While many of these packages note that they are for “security research,” we lack sufficient context to determine the intent of the package author. In absence of this context, we must assume the worst case and treat the package as malicious. This means that registry maintainers must take time out of their day to deal with these packages - leaving them less time to deal with legitimate threats - and we are all worse off for it. 
Typosquats as Billboards
In 2019 the maintainer of
As if things couldn’t get worse, we’ve begun seeing publications from security companies typosquatting popular packages, directing users to their services. Is this a creative marketing tactic? Sure. Is it an appropriate use of the open-source ecosystems we all share? Absolutely not. It wastes the time of individuals trying to keep these ecosystems clean and it is confusing for developers who accidentally install these packages. Regardless of the underlying motivations of the company, can we all agree that treating typosquats as billboards is an all-around bad idea?
Novel Research Has Value
Let’s be clear: There is value in novel research. When Alex Birsan published his write-up on dependency confusion, a vast amount was collectively gained by the community. Our collective security posture was improved as more people became aware of this sort of attack.

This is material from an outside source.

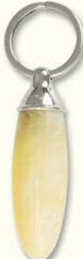
PC 34 LIS

Since then there has been a surge of copycats poorly attempting to replicate Alex’s success. The shotgun approach to package publication the individuals take, with little concern for the possible collateral damage, does nothing to improve the security posture of open source. It’s noisy, it’s unlikely to be effective as a bug bounty, and it has a good chance of impacting an unrelated party.
Follow these best practices if you do decide to conduct research in the open-source ecosystem:
- Minimize the publication of bug bounty packages to open-source repositories
- If you must publish a package for security research, make sure it conforms with the TOS of the open-source repository
- Security research packages should contain a minimal payload to demonstrate feasibility; don’t send off more data than is necessary
- Be overly cautious about how your package publication might impact random third parties
- When possible, prefer private registries for proofs-of-concept or CTFs
Risks and Impacts
The consequences of software supply chain attacks from the open-source ecosystem can be devastating. One mistake made by any developer in your supply chain could cause your entire software organization to crumble. In many ways, the open-source supply chain is more akin to a watering hole. Nearly every developer writing software in a particular language uses open-source packages in that language, and they all come from the same sources.
Developers are able to use any open-source package they choose. Each package can have an arbitrary number of dependencies, and the permutations of those dependencies can change erratically, unbeknownst to the software developer. To make matters worse, this is a recursive problem. Organizations do not just need to worry about the security hygiene of developers within their software organizations; they must also consider the developers of the packages their developers rely on, and the developers of the packages those developers rely on, ad infinitum.
The odds of a specific developer being compromised might be low, but the odds of some developer in your supply chain being compromised are much higher. The number of developers in an organization times the number of packages those developers use creates an exponentially growing attack surface that is difficult to reason about or manage. The compromise of just one individual, one hop outside of your organization, could lead to the loss of sensitive credentials or the installation of backdoors inside of your organization. The scale of this problem is one that no one can afford to ignore.
- Dustin Ingram and Ee Durbin have been wonderful to work with and have removed reported packages extremely quickly.
- We have seen instances of authors publishing packages under the guise of bug bounties. Only to turn around and start delivering much more malicious payloads in a subsequent package version.
- Not compensating open-source developers is a software supply chain threat. We should consider ways to effectively compensate these developers.